The documentation of TensorArray.close says that it close the current TensorArray. What does it mean for the status of TensorArray? I try the following code

import tensorflow as tf
sess = tf.InteractiveSession()
a1 = tf.TensorArray(tf.int32, 2)
a1.close().run()
a2 = a1.write(0, 0)
a2.close().run()
print(a2.read(0).eval())

And there are no errors. What is the usage of close?

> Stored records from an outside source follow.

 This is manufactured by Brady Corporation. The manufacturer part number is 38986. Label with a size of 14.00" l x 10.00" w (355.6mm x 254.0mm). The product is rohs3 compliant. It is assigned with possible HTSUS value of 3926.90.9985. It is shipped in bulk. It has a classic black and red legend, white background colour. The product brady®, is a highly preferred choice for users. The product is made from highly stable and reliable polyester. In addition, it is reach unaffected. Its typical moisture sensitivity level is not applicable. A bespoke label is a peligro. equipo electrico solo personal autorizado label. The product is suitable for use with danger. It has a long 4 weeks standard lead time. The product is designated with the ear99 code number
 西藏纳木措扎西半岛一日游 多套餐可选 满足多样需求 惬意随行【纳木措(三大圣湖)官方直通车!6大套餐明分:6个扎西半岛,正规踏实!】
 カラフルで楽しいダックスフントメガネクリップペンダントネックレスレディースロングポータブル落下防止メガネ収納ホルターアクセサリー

Learning-to-learn includes TensorArray.close in the reset operations of the network. I can't figure out what the comment Empty array as part of the reset process means.


Update

For examples,

import tensorflow as tf

sess = tf.InteractiveSession()

N = 3

def cond(i, arr):
    return i < N

def body(i, arr):
    arr = arr.write(i, i)
    i += 1
    return i, arr

arr = tf.TensorArray(tf.int32, N)
_, result_arr = tf.while_loop(cond, body, [0, arr])
reset = arr.close() # corresponds to https://github.com/deepmind/learning-to-learn/blob/6ee52539e83d0452051fe08699b5d8436442f803/meta.py#L370

NUM_EPOCHS = 3
for _ in range(NUM_EPOCHS):
    reset.run() # corresponds to https://github.com/deepmind/learning-to-learn/blob/6ee52539e83d0452051fe08699b5d8436442f803/util.py#L32
    print(result_arr.stack().eval())

Why arr.close() doesn't make the while loop fail? What are the advantages of calling arr.close() at the beginning of each epoch?

2

There are 2 best solutions below

0
On BEST ANSWER

The TensorArray that is being closed in the Learning-to-learn example is not the original TensorArray that's being passed to the while-loop.

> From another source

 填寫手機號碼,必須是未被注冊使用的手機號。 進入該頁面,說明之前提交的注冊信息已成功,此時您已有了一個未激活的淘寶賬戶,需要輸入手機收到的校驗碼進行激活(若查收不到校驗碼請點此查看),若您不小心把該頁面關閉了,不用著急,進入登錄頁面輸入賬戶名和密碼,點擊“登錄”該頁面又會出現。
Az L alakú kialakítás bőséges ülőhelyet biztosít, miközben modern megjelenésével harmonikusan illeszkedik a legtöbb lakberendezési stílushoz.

# original array (fx_array) declared here
fx_array = tf.TensorArray(tf.float32, size=len_unroll + 1,
                          clear_after_read=False)
# new array (fx_array) returned here
_, fx_array, x_final, s_final = tf.while_loop(
    cond=lambda t, *_: t < len_unroll,
    body=time_step,
    loop_vars=(0, fx_array, x, state),
    parallel_iterations=1,
    swap_memory=True,
    name="unroll")

Any subsequent calls to fx_array.close() from here close the new array returned by the while-loop and not the original array passed to the loop in the first iteration.

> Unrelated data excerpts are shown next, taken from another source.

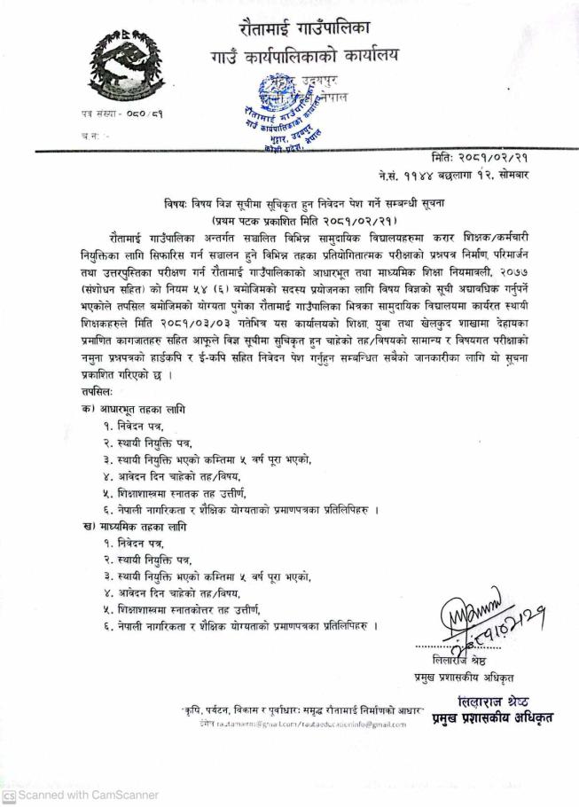 विषय विज्ञ सूचीमा सूचीकृत हुन निवेदन पेश गर्ने सम्बन्धी सूचना!!!
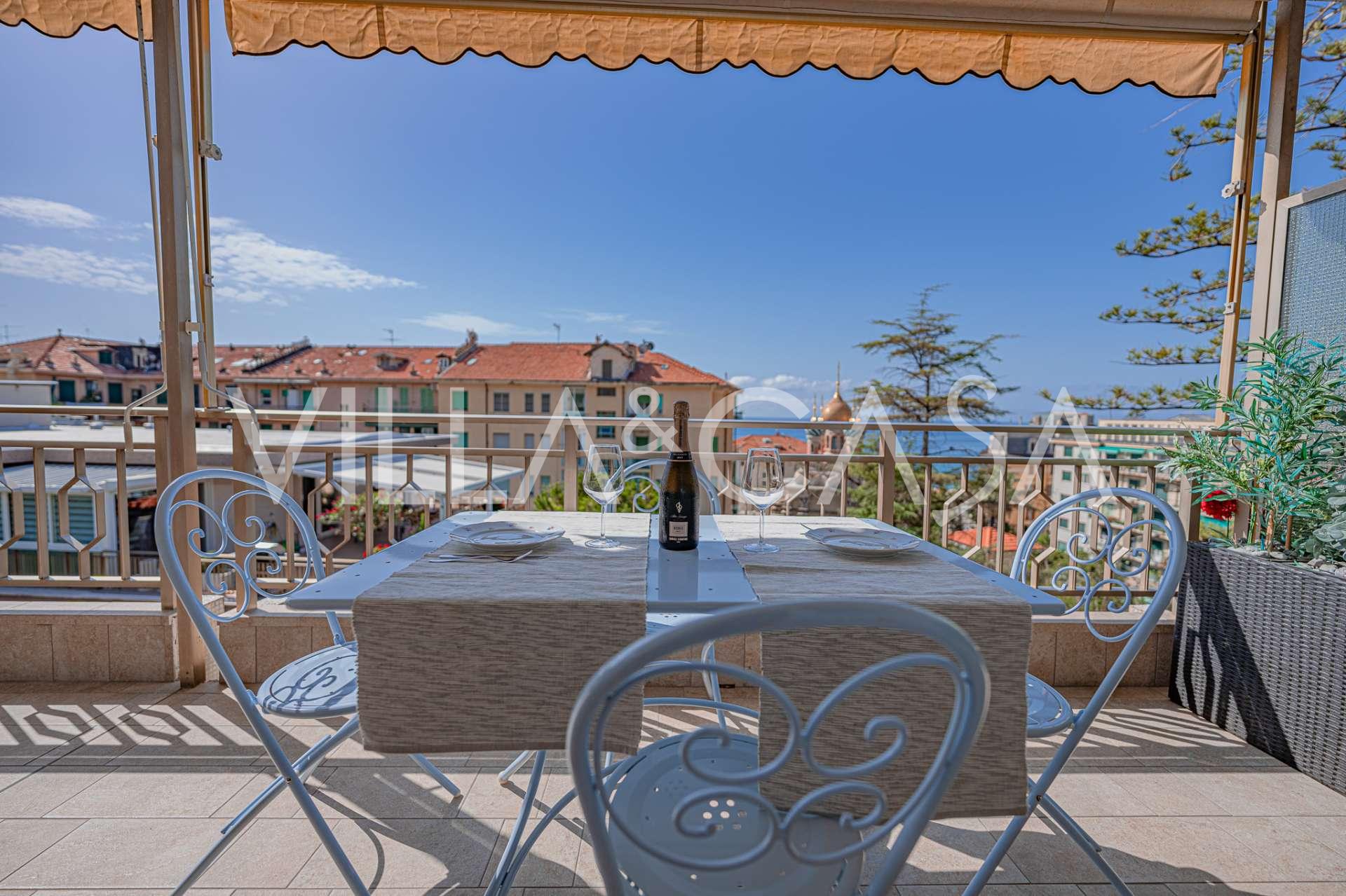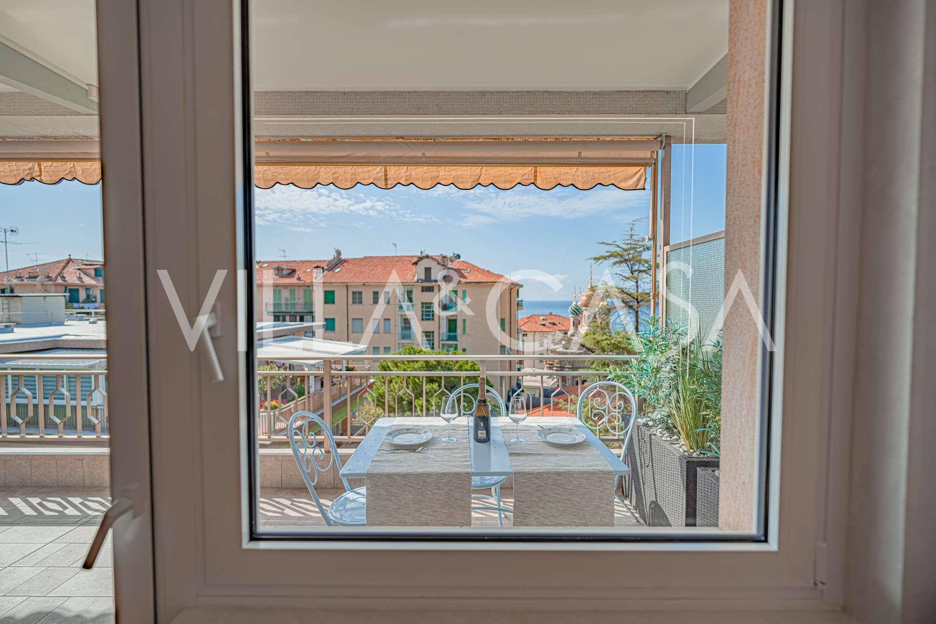 In het hart van Sanremo, vlakbij de beroemde Russische Orthodoxe Kerk en het exclusieve Casino, wordt een exclusief vierkamerappartement van 104 m² aangeboden met een adembenemend uitzicht op zee.
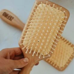 Vegan and plastic-free, the Handcrafted Beechwood Hair Brush from Zefiro detangles and smooths hair with ease while massaging the scalp. While most hairbrushes are made of synthetic materials and take hundreds of years to break down, this wooden brush is fully compostable at the end of its life. Crafted masterfully, this all-natural hair brush is made with a smooth beechwood handle with durable bamboo bristles that sit on a natural rubber pad.
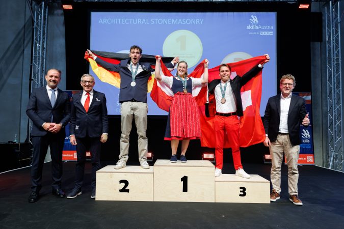 Parallel zu den EuroSkills der SteinmetzInnen fanden in Salzburg auch die AustrianSkills 2025 statt. Hier überzeugte Julian Kasper mit beeindruckender Präzision und starker Leistung und sicherte sich verdient den Titel des Vizestaatsmeisters der Steinmetze.
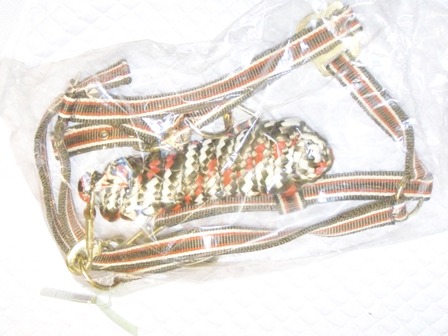 Trendy Halster met luxe koper kleurige fournituren van Imperial Riding met bijpassend halstertouw. Het halster en touw zijn in verschillende kleuren opgebouwd. Het halstertouw is vervaardigd uit een zeer zacht aanvoelend touw met luxe koper kleurige musketonhaak.
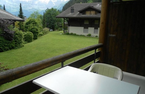 cozy studio with two folding beds, sitting area, tv, dining table, kitchen with stove, oven, fridge and basic cooking utensils and a separate bathroom with a bath Balcony with a beautiful view on the garden and the Wildstrubel Public transport included in the Simmental and Saanenland with the SIMMENTAL CARD: Overnight guests in the Lenk-Simmental holiday region travel free of charge on public transport for excursions with a valid guest card.
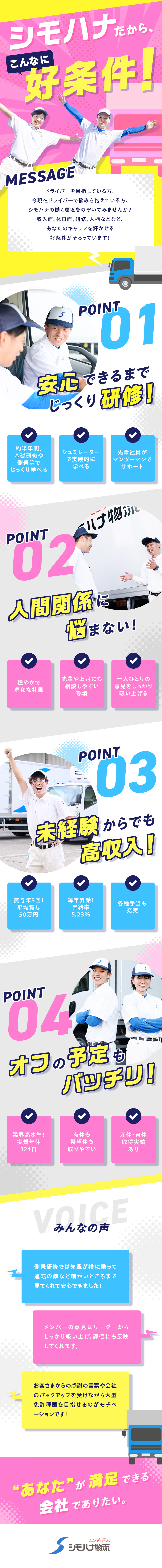 ルーティンワークで流れ作業にならないよう、同社の環境を活かし、自ら積極的にスキルアップしていく向上心が求められます。資格取得支援制度もあり、中型・大型免許の取得なども目指せるので、しっかりと活用しキャリアの幅を広げていくことでさらに活躍できるようになるでしょう。
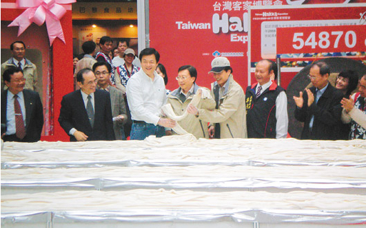 報(bào)道稱,臺(tái)當(dāng)局行政部門主管劉兆玄昨天下午參加最長(zhǎng)客家粄條見證活動(dòng)。這條長(zhǎng)548.7米的客家粄條,是由新竹縣竹東鎮(zhèn)客家米食中心用了700臺(tái)斤米,動(dòng)員30名員工、花兩天兩夜制作,在會(huì)場(chǎng)以U字型排列。

If you want to see how close behaves as expected then run:

session.run([reset, loss])

This will fail with TensorArray has already been closed. since the loss op tries to run pack() on the closed array.

3
On

This is a Python op which wraps a native op and both have help strings, but the native op help string is more informative. If you look at inspect.getsourcefile(fx_array.close) it'll point you to tensorflow/python/ops/tensor_array_ops.py. Inside the implementation you see that it defers to _tensor_array_close_v2. So you can do this

> from tensorflow.python.ops import gen_data_flow_ops
> help(gen_data_flow_ops._tensor_array_close_v2)
Delete the TensorArray from its resource container.  This enables
the user to close and release the resource in the middle of a step/run.

That same doc string is also in tensorflow/core/ops/ops.pbtxt under TensorArrayCloseV2

Looking at tensorflow/core/kernels/tensor_array_ops.cc you see that TensorArrayCloseOp is the implementation registered for TensorArrayCloseV2 in , and has more info

// Delete the TensorArray from its resource container.  This enables
// the user to close and release the resource in the middle of a step/run.
// TODO(ebrevdo): decide whether closing the grad op should happen
// here or on the python side.
class TensorArrayCloseOp : public OpKernel {
 public:
  explicit TensorArrayCloseOp(OpKernelConstruction* context)
      : OpKernel(context) {}

  void Compute(OpKernelContext* ctx) override {
    TensorArray* tensor_array;
    OP_REQUIRES_OK(ctx, GetTensorArray(ctx, &tensor_array));
    core::ScopedUnref unref(tensor_array);
    // Instead of deleting this TA from the ResourceManager, we just
    // clear it away and mark it as closed.  The remaining memory
    // consumed store its mutex and handle Tensor.  This will be
    // cleared out at the end of the step anyway, so it's fine to keep
    // it around until the end of the step.  Further calls to the
    // TensorArray will fail because TensorArray checks internally to
    // see if it is closed or not.

The description seems inconsistent with the behavior you are seeing, could be a bug.